Would you repeat the entries below word for word and omit the pictures?

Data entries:
:::

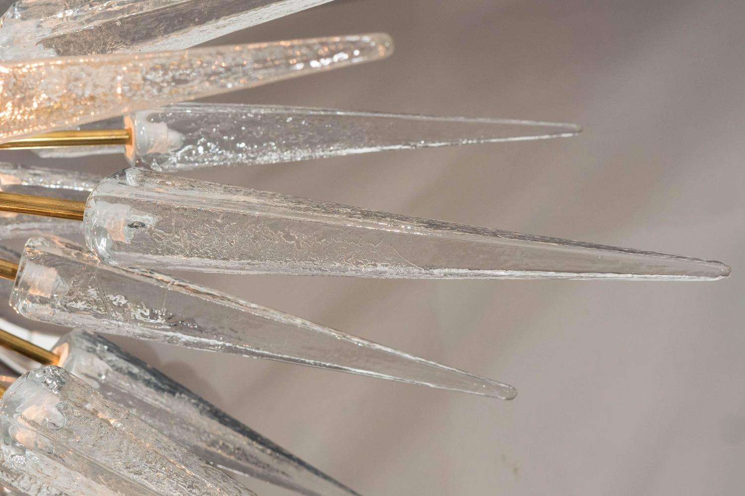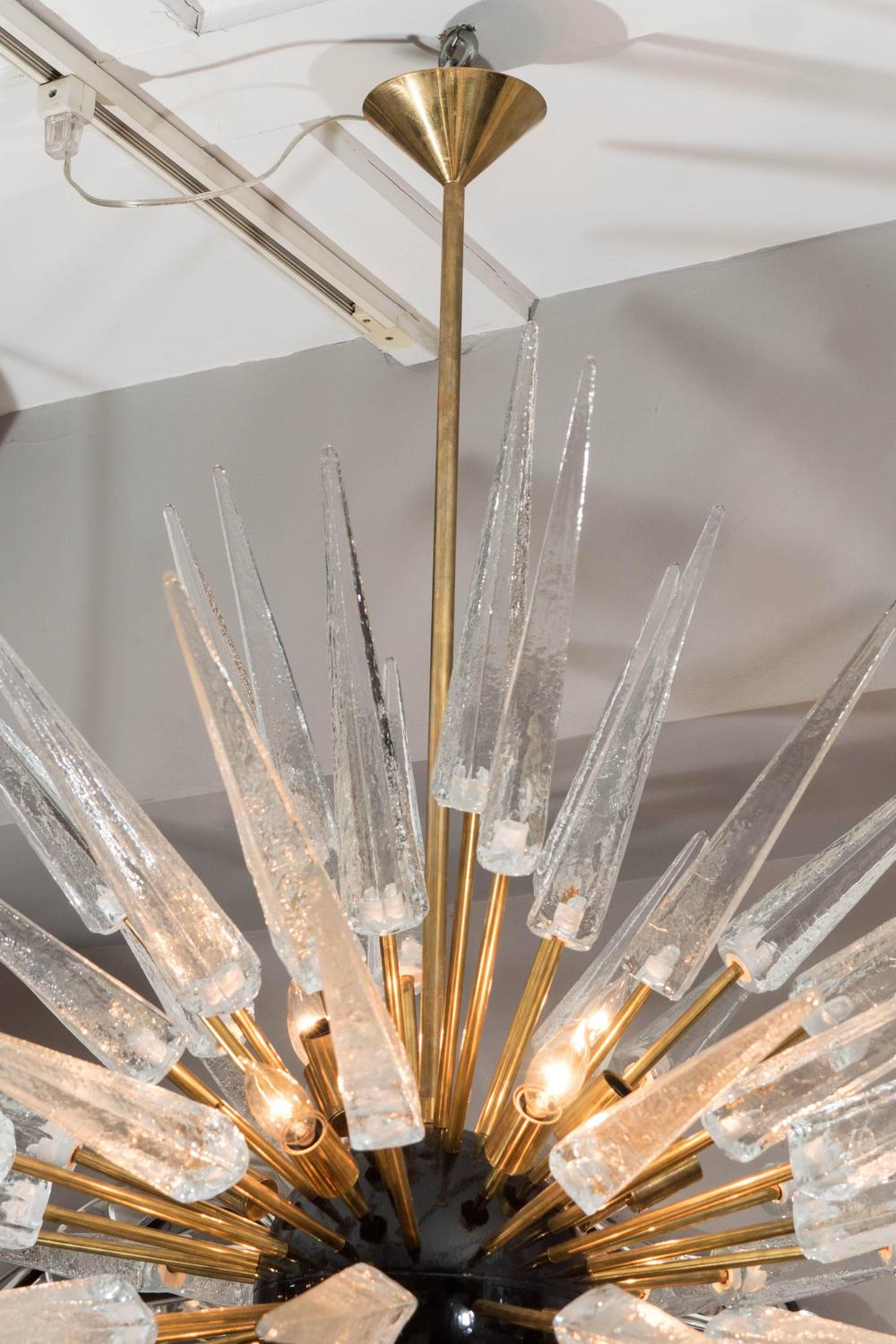 Clear Murano glass spike Sputnik chandelier with black center sphere and un-lacquered brass finish frame. Customization is available in different sizes, finishes and glass colors.
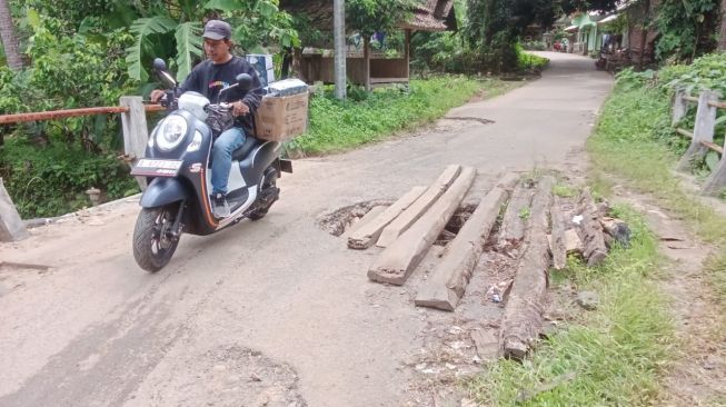 “Kondisi jalan berlubang dan bergelombang ini sudah berlangsung bertahun-tahun. Jembatan yang bolong ini juga terjadi bertahun-tahun dan hingga saat ini belum ada perbaikan,” kata Deri, seorang warga yang rumahnya tidak jauh dari lokasi jembatan berlubang tersebut, Rabu (8/3/2023).
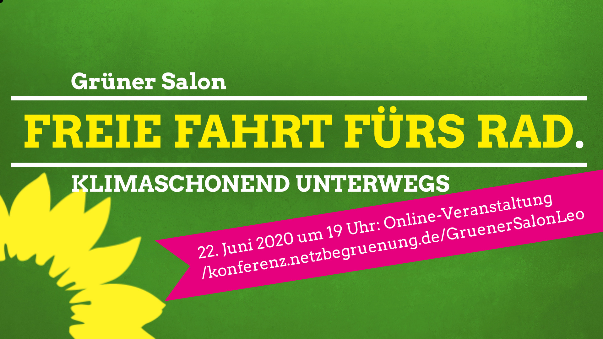 Wir setzen die Veranstaltungsreihe „Klimaschonend unterwegs“ im Grünen Salon zum Klimaschutz im Verkehr mit dem Thema „Freie Fahrt fürs Rad“ als Online-Veranstaltung fort.: Montag, 22. Juni 2020, um 19 Uhr im Internet unter //konferenz.netzbegruenung.de/GruenerSalonLeo. Technische Hinweise dazu finden Sie hier.
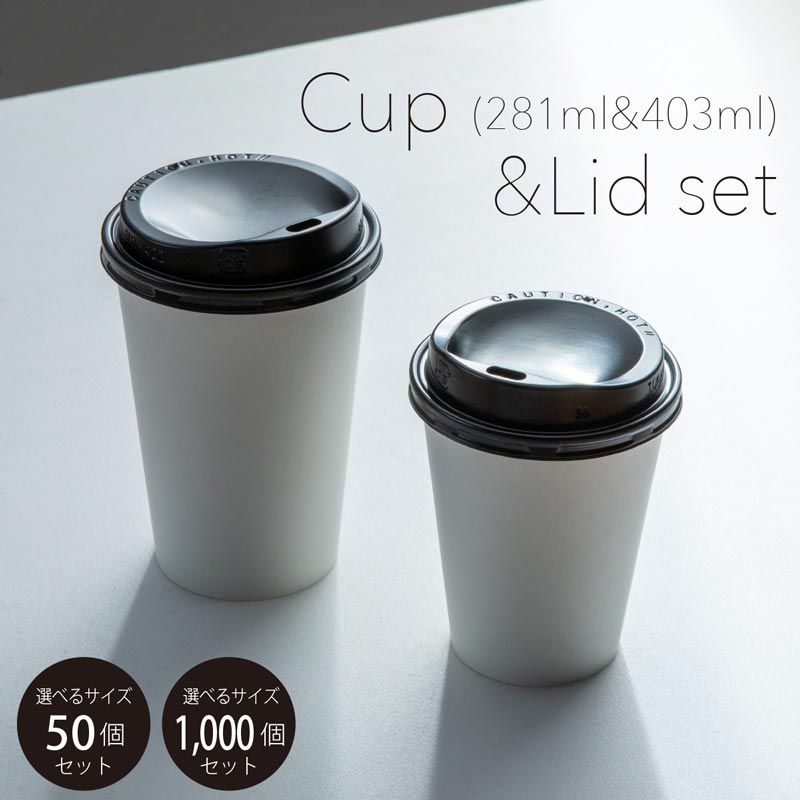 〈選べるサイズ本体+蓋セット〉ホット用 白紙コップ+黒リッドのスタイリッシュなセット(50セット・1000セット)SMT-400無地 403ml SMT-280無地 281ml 紙コップ カップ フタ ドリンキングリッド カップ フタ付き ホットコーヒー
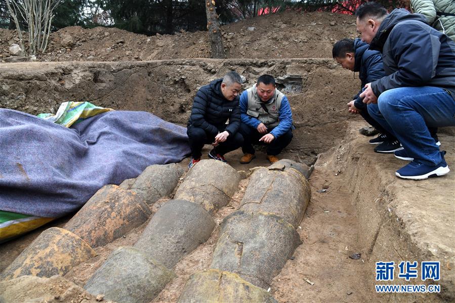 考古队员(左二)在琅琊台遗址考古发掘现场介绍陶水管的构造和结构(12月21日摄)。新华社记者李紫恒摄
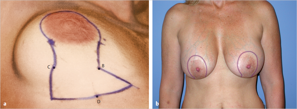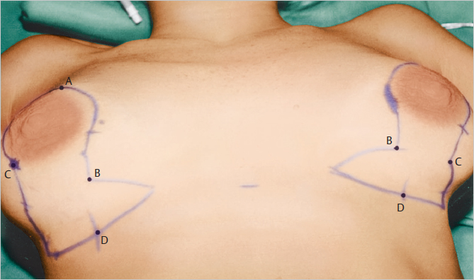 Markings are made with the patient in the sitting position. The point A for the top of the areola is about 1 to 2 cm above the inframammary crease, and between 22 and 23 cm from the sternal notch depending on the breast volume. The vertical limbs extend inferolaterally from the 7 and 5 o’clock positions on the lower areolar marking for a distance of 10 cm to points B and C. From these lowermost tips the lateral and medial wings of the horizontal excision can be marked, but I usually do not incise and commit to the horizontal excision until the augmentation is complete. This central inverted V is designed beginning at the point of the areola apex and extending around the nipple–areola to a point approximately 10 cm below the top of the future areola position. This is basically a conservative skin ellipse; additional skin can be removed at the end of the procedure. The markings are made in the inframammary crease. The breast is displaced, first laterally and then medially, to connect the lines that mark the future inframammary crease. The new diameter of the nipple–areolar circle is drawn, usually 38 to 42 mm. The incision is made around the nipple–areola, and the upper skin within the V markings is deepithelialized (▶Fig. 24.5).
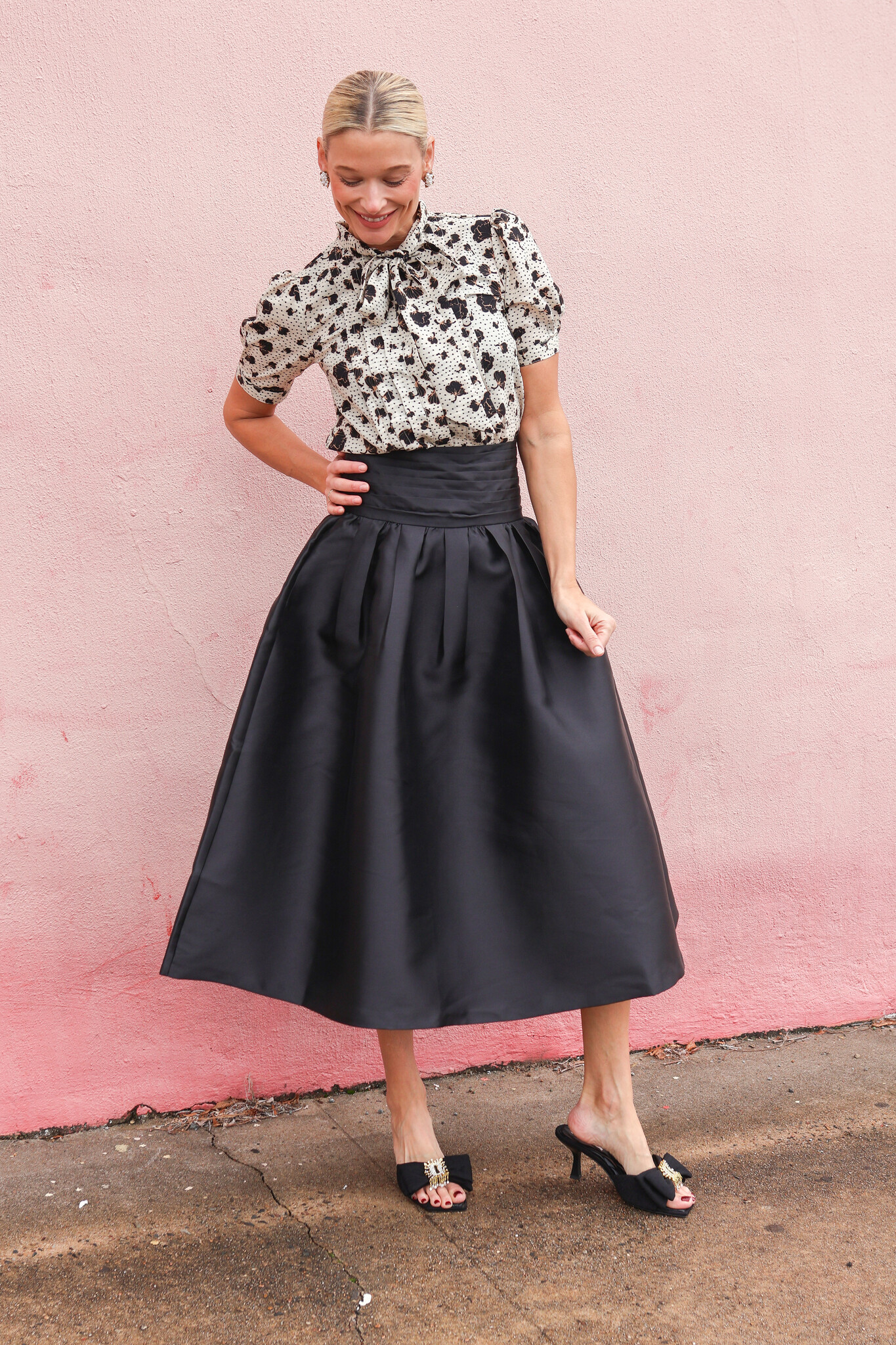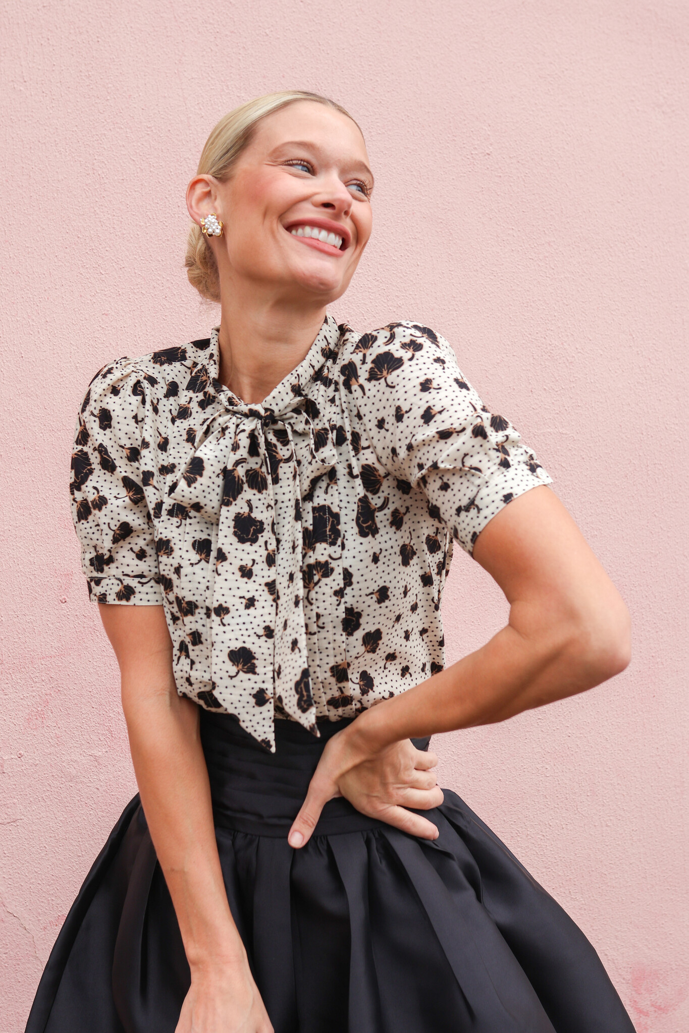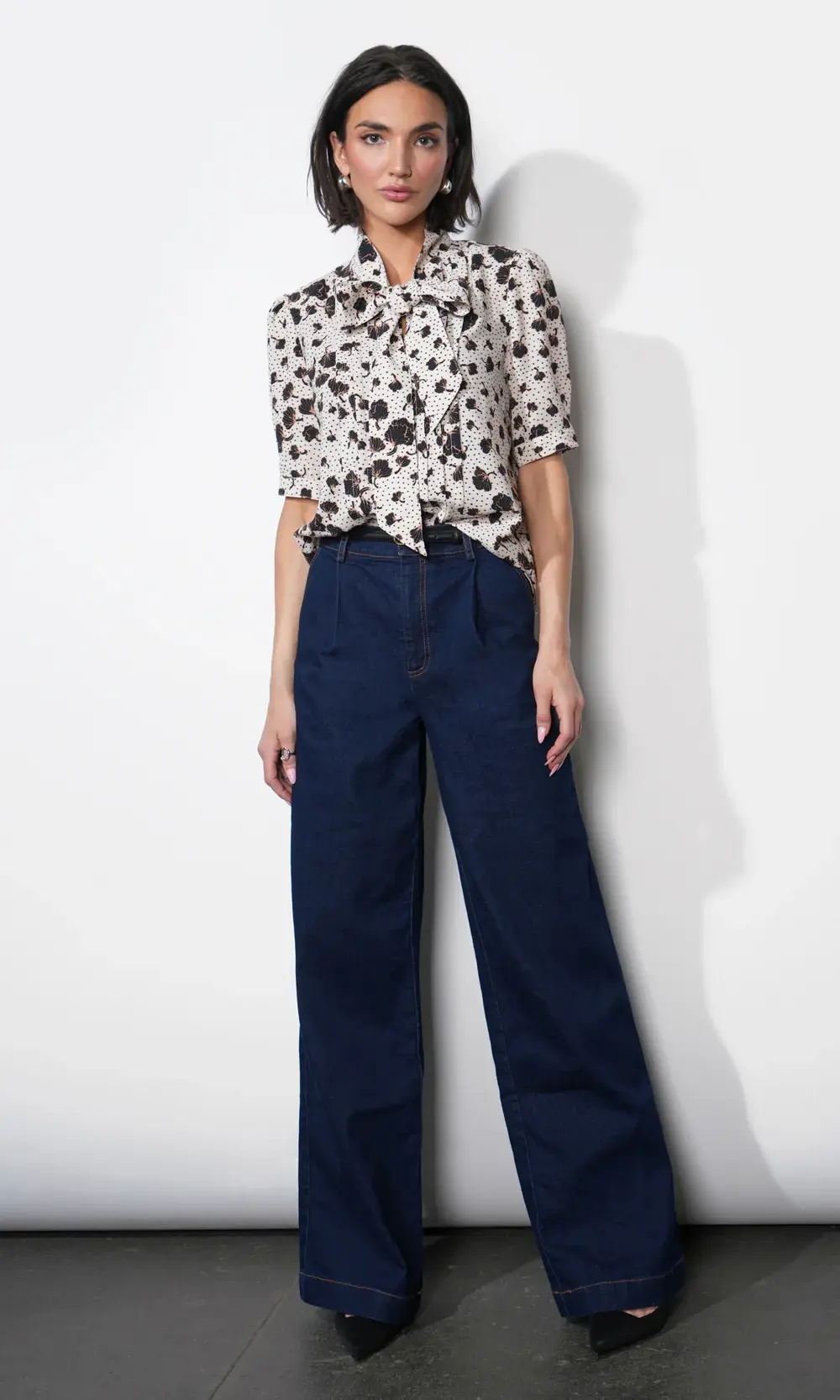 • It features distinct design elements: elegant short puff sleeves that add volume to the shoulders and a sophisticated scarf neckline that can be tied into a bow or left draped.

:::

Result for this exercise —
 Clear Murano glass spike Sputnik chandelier with black center sphere and un-lacquered brass finish frame. Customization is available in different sizes, finishes and glass colors.
 “Kondisi jalan berlubang dan bergelombang ini sudah berlangsung bertahun-tahun. Jembatan yang bolong ini juga terjadi bertahun-tahun dan hingga saat ini belum ada perbaikan,” kata Deri, seorang warga yang rumahnya tidak jauh dari lokasi jembatan berlubang tersebut, Rabu (8/3/2023).
 Wir setzen die Veranstaltungsreihe „Klimaschonend unterwegs“ im Grünen Salon zum Klimaschutz im Verkehr mit dem Thema „Freie Fahrt fürs Rad“ als Online-Veranstaltung fort.: Montag, 22. Juni 2020, um 19 Uhr im Internet unter //konferenz.netzbegruenung.de/GruenerSalonLeo. Technische Hinweise dazu finden Sie hier.
 〈選べるサイズ本体+蓋セット〉ホット用 白紙コップ+黒リッドのスタイリッシュなセット(50セット・1000セット)SMT-400無地 403ml SMT-280無地 281ml 紙コップ カップ フタ ドリンキングリッド カップ フタ付き ホットコーヒー
 考古队员(左二)在琅琊台遗址考古发掘现场介绍陶水管的构造和结构(12月21日摄)。新华社记者李紫恒摄
 Markings are made with the patient in the sitting position. The point A for the top of the areola is about 1 to 2 cm above the inframammary crease, and between 22 and 23 cm from the sternal notch depending on the breast volume. The vertical limbs extend inferolaterally from the 7 and 5 o’clock positions on the lower areolar marking for a distance of 10 cm to points B and C. From these lowermost tips the lateral and medial wings of the horizontal excision can be marked, but I usually do not incise and commit to the horizontal excision until the augmentation is complete. This central inverted V is designed beginning at the point of the areola apex and extending around the nipple–areola to a point approximately 10 cm below the top of the future areola position. This is basically a conservative skin ellipse; additional skin can be removed at the end of the procedure. The markings are made in the inframammary crease. The breast is displaced, first laterally and then medially, to connect the lines that mark the future inframammary crease. The new diameter of the nipple–areolar circle is drawn, usually 38 to 42 mm. The incision is made around the nipple–areola, and the upper skin within the V markings is deepithelialized (▶Fig. 24.5).
 • It features distinct design elements: elegant short puff sleeves that add volume to the shoulders and a sophisticated scarf neckline that can be tied into a bow or left draped.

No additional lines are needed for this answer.